To get to ENDA stance, Andrea Lafferty had to cross daddy's Briggs
The Traditional Values Coalition (which is designated as a hate group by the Southern Poverty Law Center) is currently getting lots of attention because of mainstream media outlets' continued insistence on booking TVC Exec. Director Andrea "ENDA will allow VA nurses to hit on soldiers with amputated limbs" Lafferty as the voice of opposition to a measure that would do nothing more than secure basic workplace protections for LGBT people. But how far back does the organization's quest to stop certain citizens' rights at every non-straight turn really stretch? Well, consider the following.

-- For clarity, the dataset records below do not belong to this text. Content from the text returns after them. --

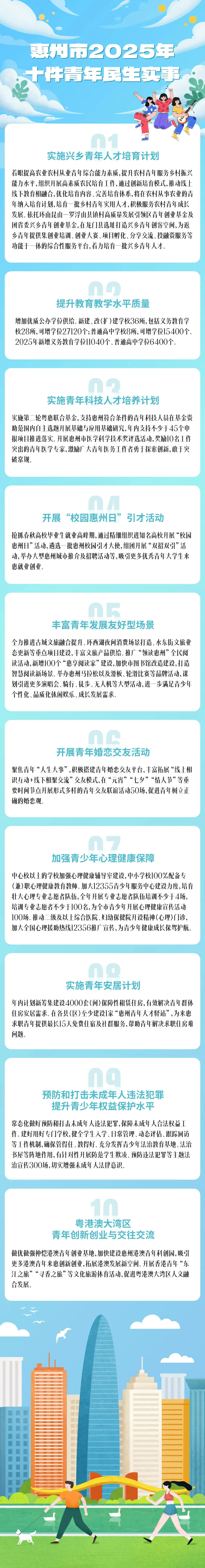惠州市2025年青年民生實事立足黨政所需、青年所盼,以服務(wù)中心大局、促進青年發(fā)展為落腳點起草,共分8大類10小項重點項目,其中涉及青年教育2項、青年就業(yè)和創(chuàng)新創(chuàng)業(yè)2項,青年健康、文化、婚戀、社會保障、權(quán)益與預(yù)防犯罪、社會融入與社會參與各1項。
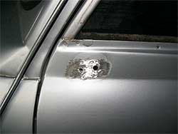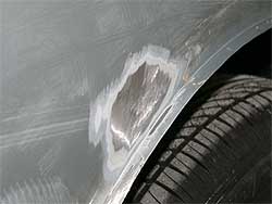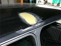 | おなじくフロント側、右フェンダーです。 ここはヘコミがあり、まず板金でキレイに修正。 同じくパテは最小限に。 また、ルーフにも軽いヘコミがあり、こちらもキレイに修正します。 |
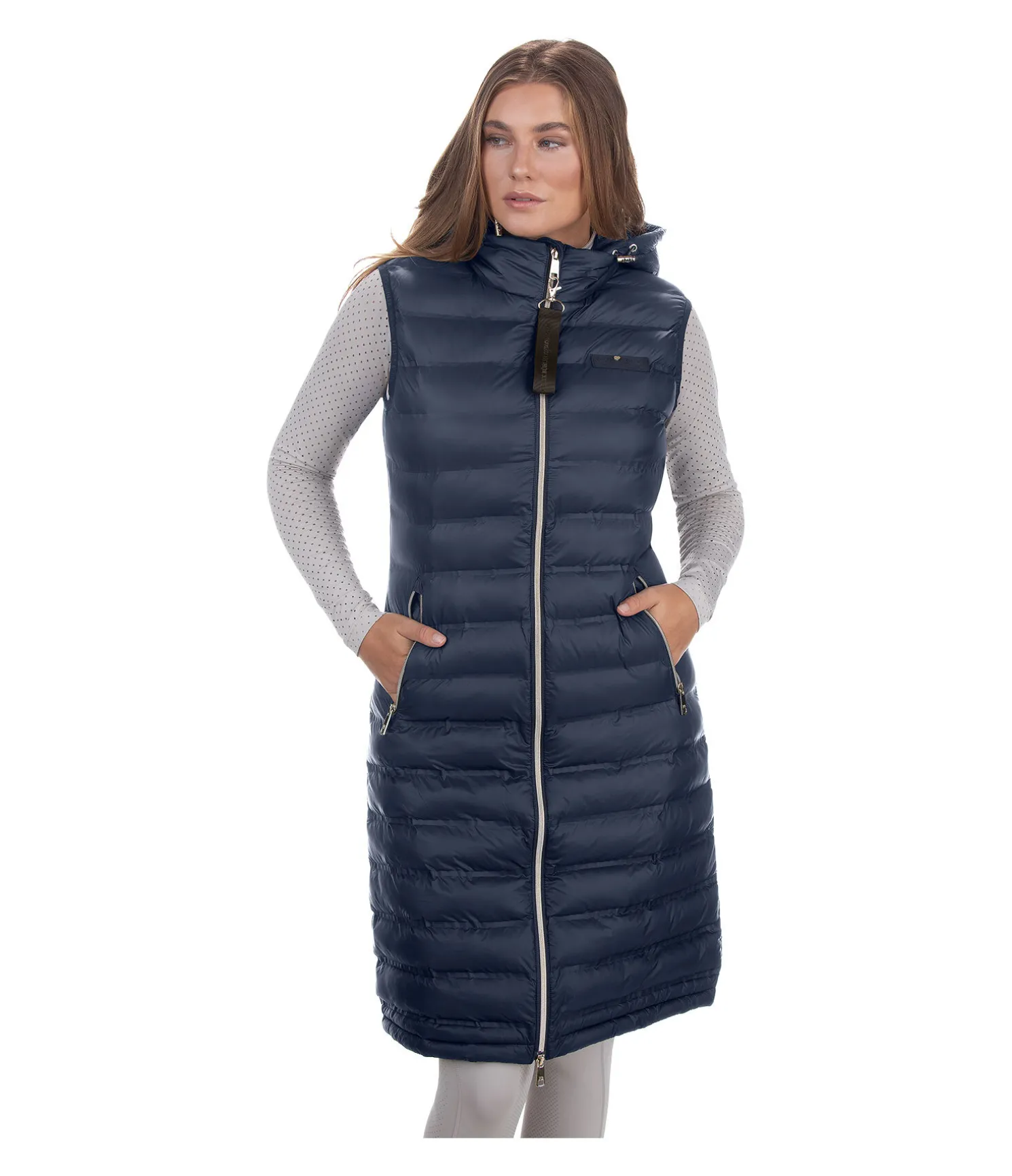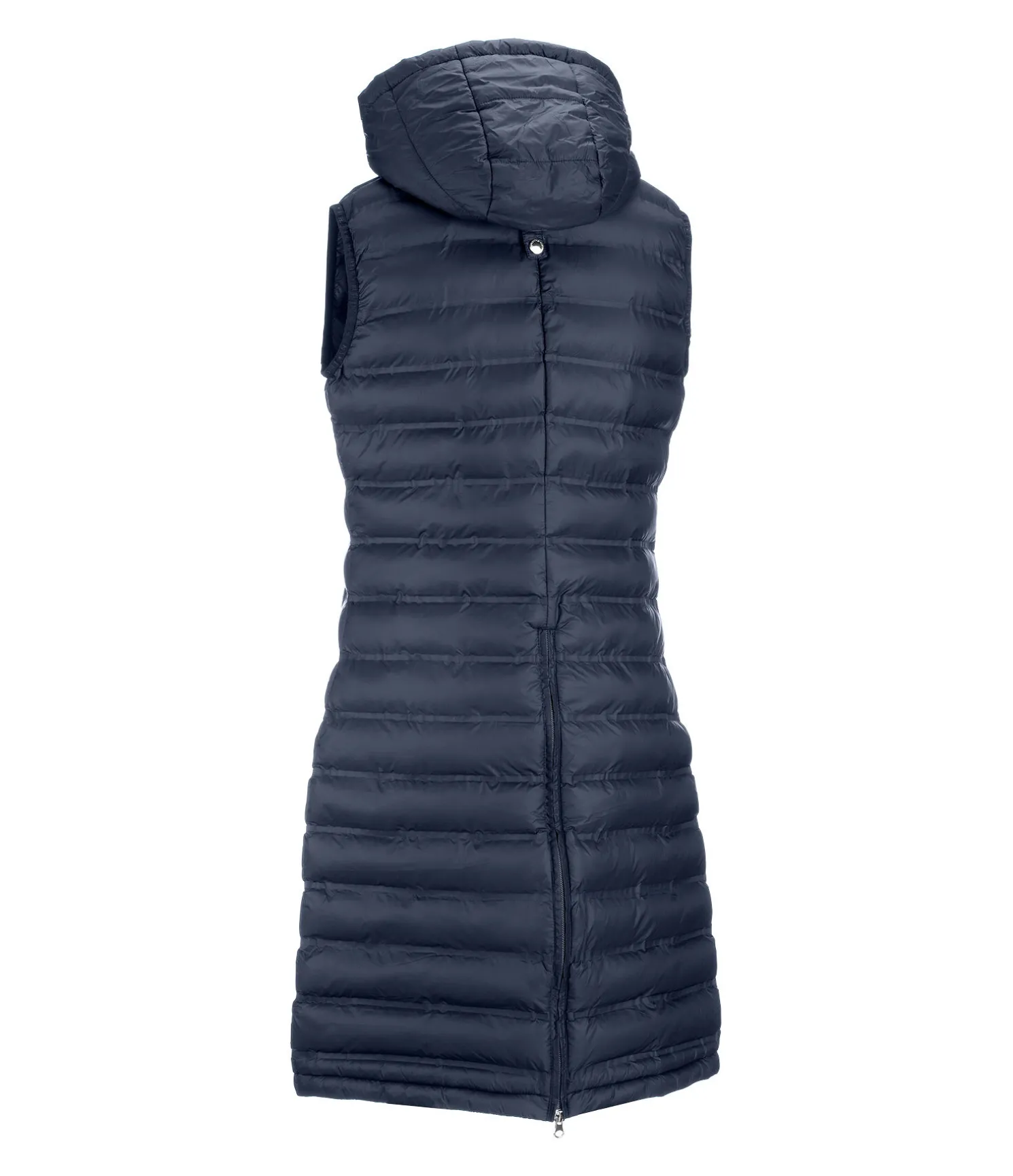 Gilet long léger matelassé avec coutures thermosoudées. Garnissage léger en imitation duvet. La capuche peut se ranger dans le col, s’enlever facilement grâce à la fermeture à glissière ou se fixer dans le dos grâce au bouton-pression. Longue fente cavalière zippée à l’arrière, fermeture à glissière double sens avec sous-patte et protège-menton, 2 poches zippées à l’avant. Badge Felix Bühler sur la poitrine. Poignets élastiqués. 100 % nylon.
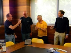 La conferenza stampa si è tenuta nella sede di Via Amendola dell’azienda lecchese, alla presenza del presidente Angelo Fortunati che ha ribattezzato Panzeri “il re degli ottomila” e di un altro presidente, quello del Cai Lecco, Emilio Aldeghi.
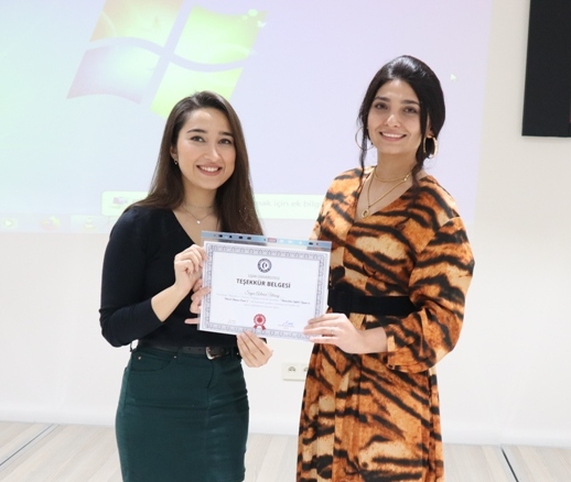 Konferansta Diyetisyen Aslınur Ulusoy, Uzman Psikolog Tansu Gülden Gül ve Makyaj Uzmanı Zeynep Duygu Sarı, uzmanlık alanlarıyla ilgili bilgiler aktardı. Konferans sonunda konuşmacılara teşekkür belgesi verildi.
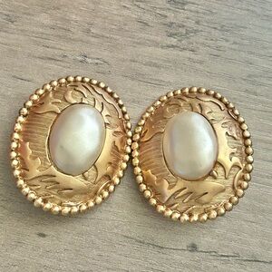 Vintage, ClipOnEarrings, Gold, Pearl, FauxPearl, LargeEarrings, StatementEarrings, Jewelry, WomensJewelry, VintageJewelry, Retro, CostumeJewelry, Glam, HollywoodGlam, ChunkyEarrings, ButtonEarrings, Ornate, Filigree, TexturedGold, NonPierced, 80sVintage, 90sVintage, Formal, Accessories, GiftIdea
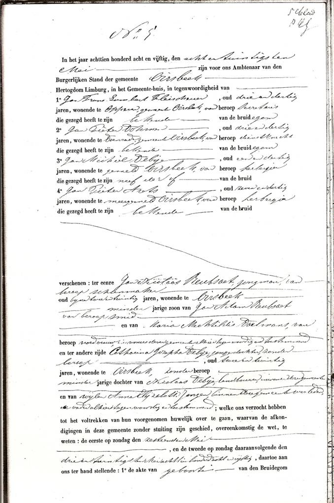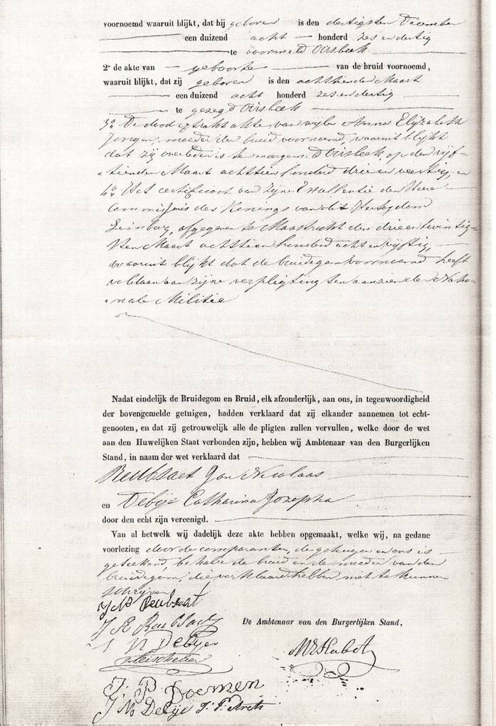 Huwelijksakte van Jan Nicolaas Reubsaet en Catharina Josepha Debije op 28 mei 1858

Louis Sheldon, Andrea's dad and the founder of TVC, has a history that goes all the way back to one of the most execrable blights on civil rights history to ever muddy California politics. One that would've focused TVC's current fight in the area of workplace protections so that it honed in exclusively on California's LGBT teachers, shutting them out from employment for simply being who they are. One that made Anita Bryant a household name. One that was so heinous and overreaching that even conservative Republican hero Ronald Reagan publicly came out against it.

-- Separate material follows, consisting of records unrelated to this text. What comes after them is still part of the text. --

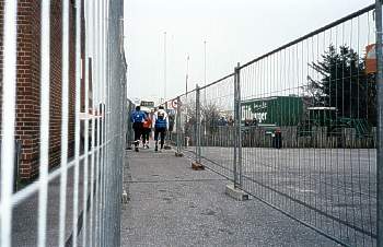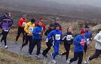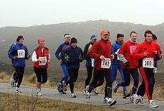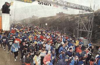 im Nebel Ich stehe sehr weit vorne, aber hinter der allerersten Reihe geht es eher gemütlich auf die Strecke. Für die ersten km ist die Straße gesperrt, dann müssen wir auf den Radweg. Doch der ist hier so breit wie andernorts die Straßen. Vermutlich hat man sonst einen schönen Blick aufs Wattenmeer, heute aber zeigt sich Sylt eher als eintönige Nebelsuppe. Bis Westerland gehts über 15km weitgehend geradeaus. Der böige Wind kommt von Südost und schiebt uns von der Seite. Ich hänge mich an zwei mollig warm angezogene Veteranen und lausche ihren Erfahrungsberichten von den Marathons der Welt. Und mein Respekt steigt und steigt: "... den Rennsteig lauf ich jetzt zum 16. Mal". Das Tempo ist mit 4:45min/km ein klein wenig schneller als geplant, aber der Puls bleibt unterm Limit. Ist das der Wind, oder ist meine Form so gut? Die alten Kämpen laufen gleichmäßig wie ein Uhrwerk. An der Verpflegungsstation nehmen sie sich aber mehr Zeit als ich. Jetzt muss ich zwar das Tempo allein halten, dafür geniesse ich die Ruhe. Ab und zu laute Anfeuerungsrufe der auf der Straße nebenher fahrenden Betreuer und die lebhaften Übergabe-Stationen für die 51 Staffeln bringen etwas Abwechslung in die lange Gerade im Dunst des Nebels. Klatschmarsch
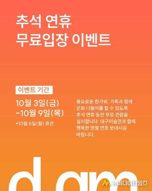 대구문화예술진흥원대구미술관은 추석 당일인 10월 6일 휴관하고, 연휴 기간인 3일부터 9일까지 무료 개관해 시민들의 명절 문화생활을 함께 한다.
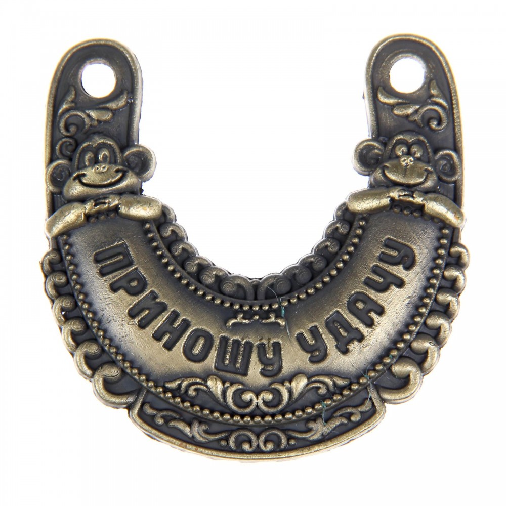 Подкова «Приношу удачу» с удивительным новогодним дизайном изготовлена из надёжного и долговечного материала — металла. На подкову запрыгнула обезьянка — хранительница наступающего 2016 года, которая принесёт множество чудесных моментов в жизнь своего обладателя.
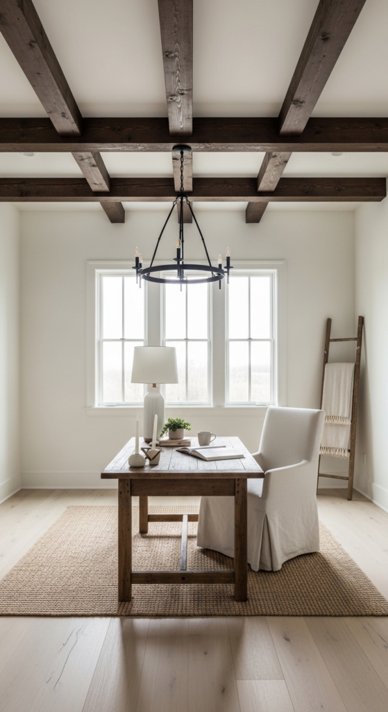 Styling Tips: If you’re lucky enough to have exposed beams, let them be the hero. Keep walls light and simple — white plaster or soft cream — so the beams read clearly. Hang a simple black wrought iron chandelier or pendant from the beam for lighting. Keep the desk and furniture grounded and low to visually balance the height. Drape a soft linen throw over a nearby ladder for texture and warmth.
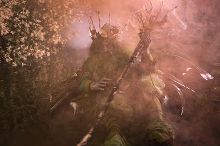 fantasy battle barbarian warriors silhouette in mountains highland hills in smoke on vivid colorful sunset light with orange pink sun glare and phantom blue sky background, toy shop concept picture
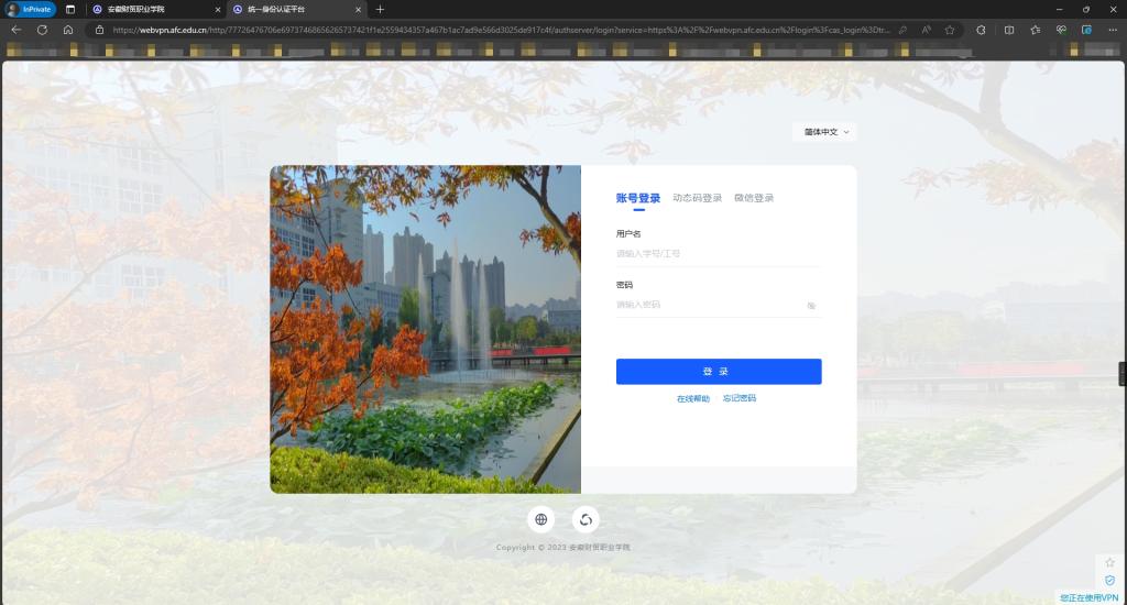 浏览器会自动弹出统一身份认证登录页面,如图3所示,在此输入您的校园网账号密码点击登录即可进入WebVPN系统。

We're talking about The Briggs Initiative (Prop 6), of course. A cruel initiative for which Papa Sheldon was the campaign chairman! These clips come from vintage California newspapers:
Is this when the then-seventeen-year-old Andrea began cultivating her belief that pink slips should be granted to anyone who she stereotypically expects to speak with pink lisps? Maybe, maybe not. But this is undeniable proof that Andrea was reared with the exact same kind of mindset that she's pushing on the national stage today. She clearly didn't reject it as wrong, as she, being of her own free will, could have. Instead, Andrea signed up for her father's cause full force, fostering a culture that keeps all of this nation's worker B's (and L's and G's and T's) terminated because of their own "homosexual acts or conduct."
It was a wrong view in 1978. It's a wrong view now.